◆ WHAT TO DO: Reproduce the lines below exactly, from the one containing "- Две изолированные" through the one containing "- 福江の中心地から車で20", both included. Leave out any pictures.

◆ EXERCISE MATERIALS:

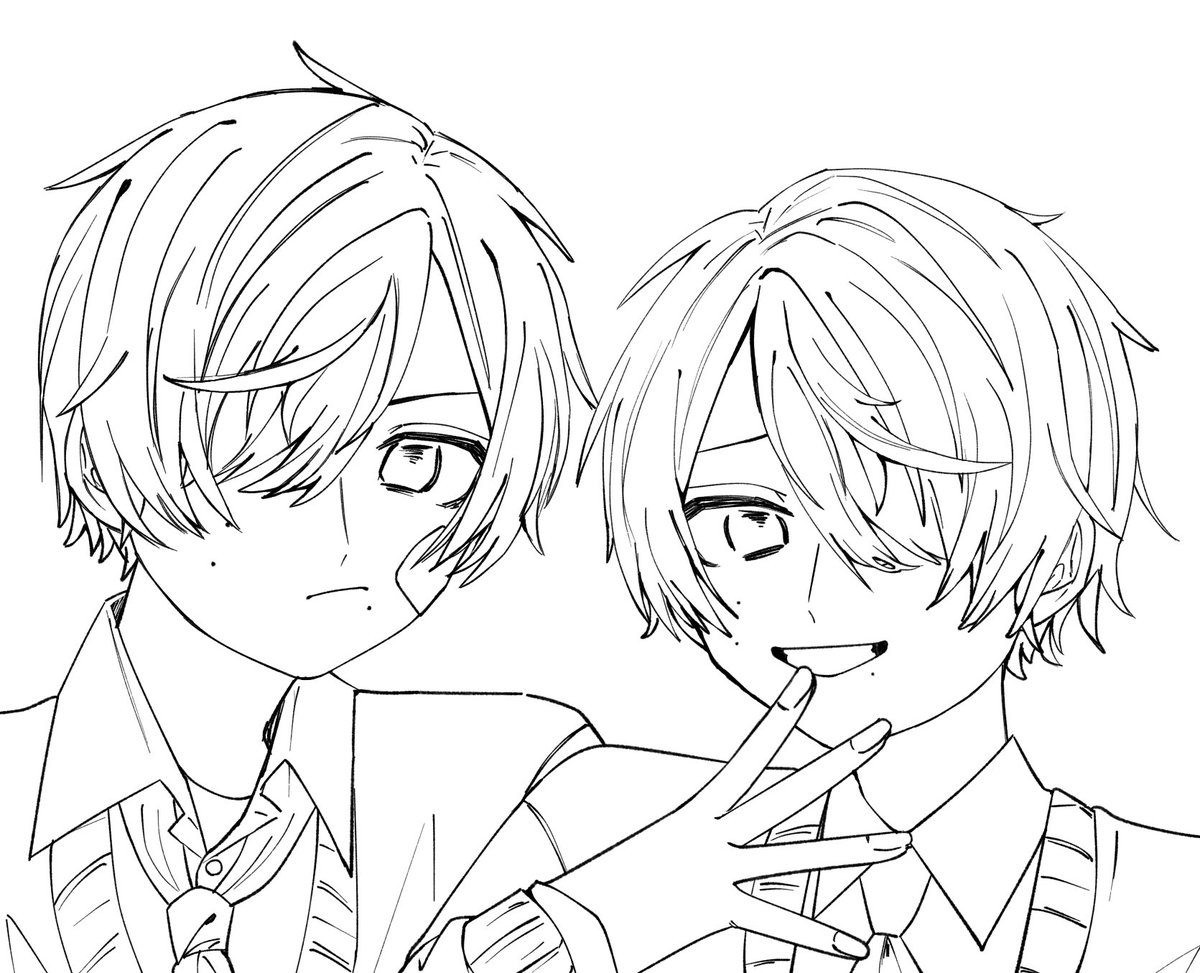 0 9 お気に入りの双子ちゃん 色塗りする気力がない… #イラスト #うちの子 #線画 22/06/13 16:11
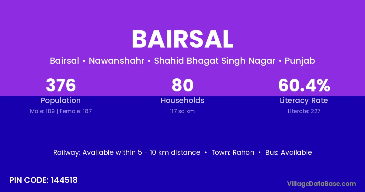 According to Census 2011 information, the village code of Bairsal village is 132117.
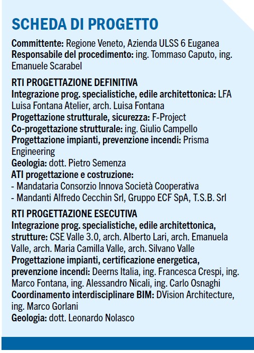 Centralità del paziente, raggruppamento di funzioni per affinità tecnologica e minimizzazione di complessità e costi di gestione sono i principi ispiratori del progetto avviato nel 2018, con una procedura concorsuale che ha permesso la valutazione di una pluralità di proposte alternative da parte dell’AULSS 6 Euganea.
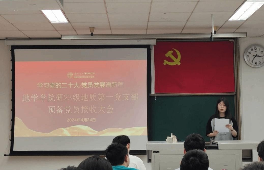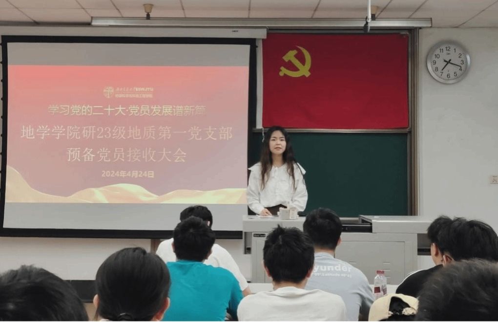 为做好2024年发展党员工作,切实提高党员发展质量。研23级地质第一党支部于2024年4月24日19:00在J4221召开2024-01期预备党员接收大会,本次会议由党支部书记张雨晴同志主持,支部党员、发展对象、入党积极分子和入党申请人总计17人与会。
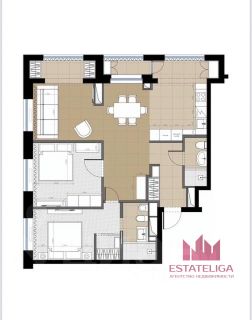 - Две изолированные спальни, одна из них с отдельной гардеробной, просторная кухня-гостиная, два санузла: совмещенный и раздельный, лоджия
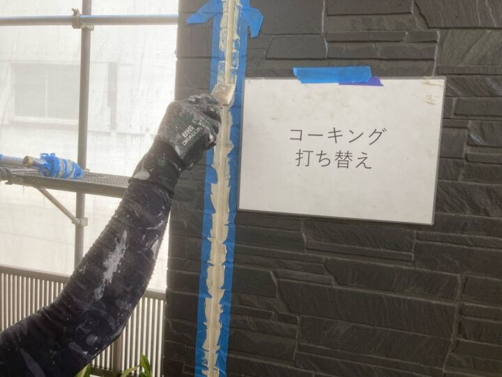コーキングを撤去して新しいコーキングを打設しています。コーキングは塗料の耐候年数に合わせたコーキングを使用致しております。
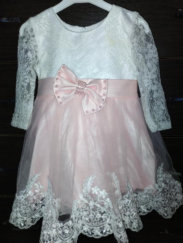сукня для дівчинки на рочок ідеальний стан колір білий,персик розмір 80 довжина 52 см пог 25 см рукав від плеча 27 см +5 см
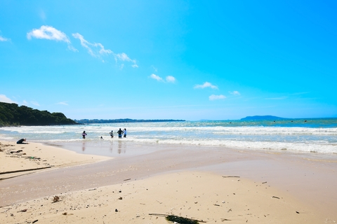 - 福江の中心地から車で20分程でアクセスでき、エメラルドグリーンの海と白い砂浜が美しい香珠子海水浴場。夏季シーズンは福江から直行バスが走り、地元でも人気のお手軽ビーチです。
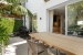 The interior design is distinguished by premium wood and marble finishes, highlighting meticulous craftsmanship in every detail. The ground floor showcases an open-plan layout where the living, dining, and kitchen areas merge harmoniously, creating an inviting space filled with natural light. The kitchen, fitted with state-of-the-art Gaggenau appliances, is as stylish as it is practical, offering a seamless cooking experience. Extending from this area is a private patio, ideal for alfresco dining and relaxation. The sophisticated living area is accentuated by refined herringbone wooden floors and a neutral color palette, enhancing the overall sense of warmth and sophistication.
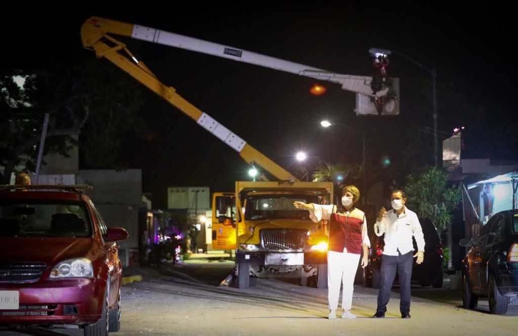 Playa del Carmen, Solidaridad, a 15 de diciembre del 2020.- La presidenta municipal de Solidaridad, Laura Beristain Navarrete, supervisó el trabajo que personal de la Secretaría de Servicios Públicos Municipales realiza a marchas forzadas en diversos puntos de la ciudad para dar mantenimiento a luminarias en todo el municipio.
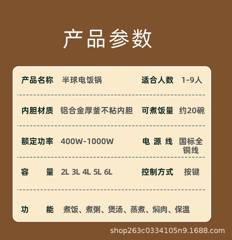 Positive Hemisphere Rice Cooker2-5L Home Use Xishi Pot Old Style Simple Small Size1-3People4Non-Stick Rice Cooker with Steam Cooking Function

◆ SOLUTION:
 - Две изолированные спальни, одна из них с отдельной гардеробной, просторная кухня-гостиная, два санузла: совмещенный и раздельный, лоджия
コーキングを撤去して新しいコーキングを打設しています。コーキングは塗料の耐候年数に合わせたコーキングを使用致しております。
сукня для дівчинки на рочок ідеальний стан колір білий,персик розмір 80 довжина 52 см пог 25 см рукав від плеча 27 см +5 см
 - 福江の中心地から車で20分程でアクセスでき、エメラルドグリーンの海と白い砂浜が美しい香珠子海水浴場。夏季シーズンは福江から直行バスが走り、地元でも人気のお手軽ビーチです。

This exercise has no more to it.